# one for the books



## cnbufford (Feb 5, 2013)

A week ago I brought home 2 baby bettas and a 2.5 gallon betta bow tank that comes with a divider. Let me warn you that the divider does not fit like a glove, so if your bettas are small enough they'll become acquinted at one time or another. Trying to prevent their meeting again, I customised the divider to fit the tank as closely as possible with electrical tape. This solution held up for about a week and I walked in on the result: my larger baby betta had practically devoured the smaller baby betta. I found the the attacked betta hiding (quite intelligently) against the divider which matched his coloring perfectly. I'm glad I was able to save him in time; this tiny fish's perseverance has been pretty cool to watch. The 2 are now living in completely separate aquariums. Miraculously the attacked fish is swimming around, eating and appears to be on the road to recovery. This episode in my first attempt of raising baby bettas has inspired their names. The smaller baby betta that was attacked is now David, based on the biblical David that outwitted and defeated Goliath the giant and the perp is called Ares for his act of war. I'm just relieved and happy they're both still here. Word to the wise: secure your dividers if you use them.


----------



## registereduser (Jul 30, 2010)

This is interesting! They say most babies sold are female but you may have a male in Aries. The smaller one could be male or female.
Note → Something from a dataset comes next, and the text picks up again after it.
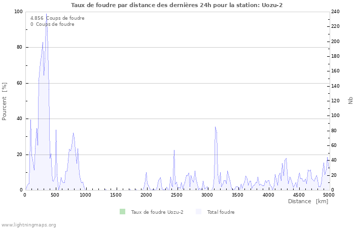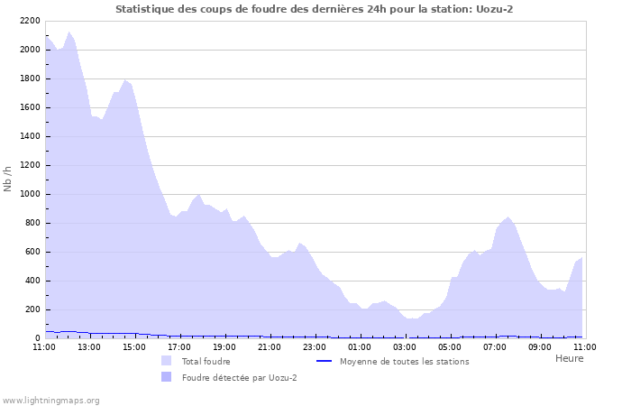 Ici vous pouvez voir la totalité des coups de foudre comptabilisés par le réseau Blitzortung, la quantité de coups de foudre par heure de la station Uozu-2 ainsi que qté moyenne des coups foudre de toutes les autres stations

I plan on making a "baby sorority" and putting in several babies at once. I hope they don't attack like yours did.

Are they really tiny?


----------



## cnbufford (Feb 5, 2013)

David is at least 4-5 weeks and Ares is between 6-8 weeks. I think they are both males. A friend suggested perhaps the males have a way of smelling the another male because these two had no way of seeing each other through the divider that was sealed (or so I thought pretty tightly). It was like he fought his way through the divider. After my experience, I wouldn't even put babies together again, at least until I knew their genders for sure.


----------